キリスト者は十字架をすべての人の身代わりの死と信じています。贖罪信仰です。罪のない人がすべての罪人の犠牲となって代わりに死んだという教えです。イエスのバプテスマもすべての人の代わりにしてくれた行為として考えることができます。罪のないイエスはバプテスマを受ける必要がない、神を信頼しきっている神の子には入信の儀式は必要ない、にもかかわらずわたしたちのためにあえてバプテスマを受けてくれたのだという説明になります。
キリスト教会でもバプテスマを入信の儀式として採用しました。その実践を続けるキリスト者から見れば、キリストが行ったバプテスマは模範となります。特に十字架と似ているバプテスマを経て、新しく生まれ変わろうとする人は、自分の十字架を担ってやりがいのある仕事をしよう、少しでも愛と正義を行おうと考えるからです。マルコ・マタイの教会など古代のキリスト教会は、自分たちの信仰実践に役立つように、イエスのバプテスマという出来事を解釈し直して、福音書に書き留めていったのです。
16-17節もそのように考えたら、この一見神話的な表現も理解しやすくなるでしょう。ここには三位一体の神を信じている人たちの、信仰内容が投影されています。バプテスマという出来事に、神の子イエスの他に、親である神、さらに神の霊をあえて登場させているからです。ここにはバプテスマという入信の儀式がどのような生まれ変わりを信者にもたらすかの説明があります。それは平等な交わりへの招きです。
マタイ28:19をお開きください(60頁)。「父と子と聖霊の名によってバプテスマを授けなさい」とあります。この「によって」は、ギリシャ語エイスという前置詞の訳です。一般には「~へと」(into)という意味です。三位一体の神へと信者はバプテスマを受けます。それは三者の平等な交わりを模倣して、教会をかたちづくり、人生をかたちづくりなさいという意味です。
イエスのバプテスマで起こった出来事はキリスト教会のバプテスマで起こるという信仰が、今日の箇所の根底にあるのです。

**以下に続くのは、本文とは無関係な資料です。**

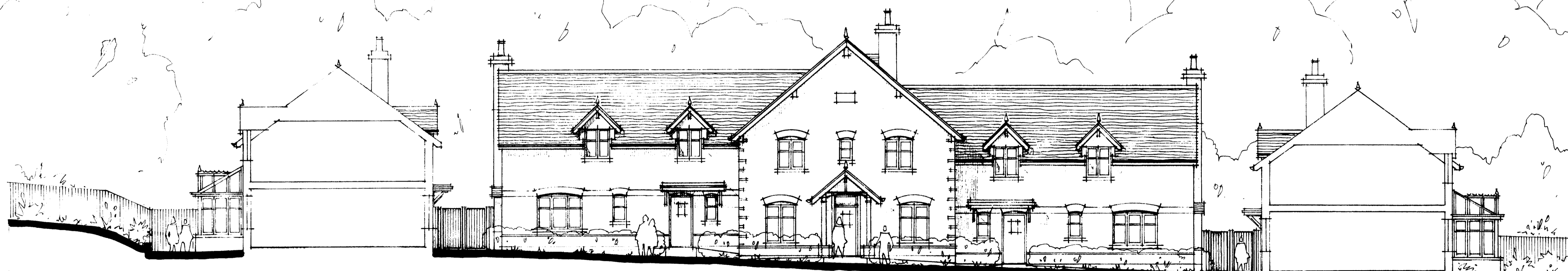
COURTYARD ELEVATION - SOUTH

わたしたちの生活にとって今日の聖書箇所はどのような意味があるのでしょうか。わたしは「通過儀礼」というものが持つ力は偉大だと思います。言い換えれば節目節目を大切にする行事ごとです。緊張してみんなの前で立つ場面を設けることで人は成長します。
バプテスト教会ではバプテスマを受ける前に会衆の前で自分で書いた信仰告白という文章を読みます。そして全会衆の前で承認を受けます。そうでなくては入会できません。この通過儀礼には節目としての力があります。全身浸礼は十字架と復活を象徴して行うものです。いったん死んでキリストとともによみがえらされることをよく象徴していると思います。釘付けされるよりは痛くないわけです。
自ら上がると三位一体の平等な交わりづくりという新しい生き方が始まります。この交わりにいのちがあり、一瞬一瞬に永遠のかがやきがあります。永遠のいのちがあるという言い方もします。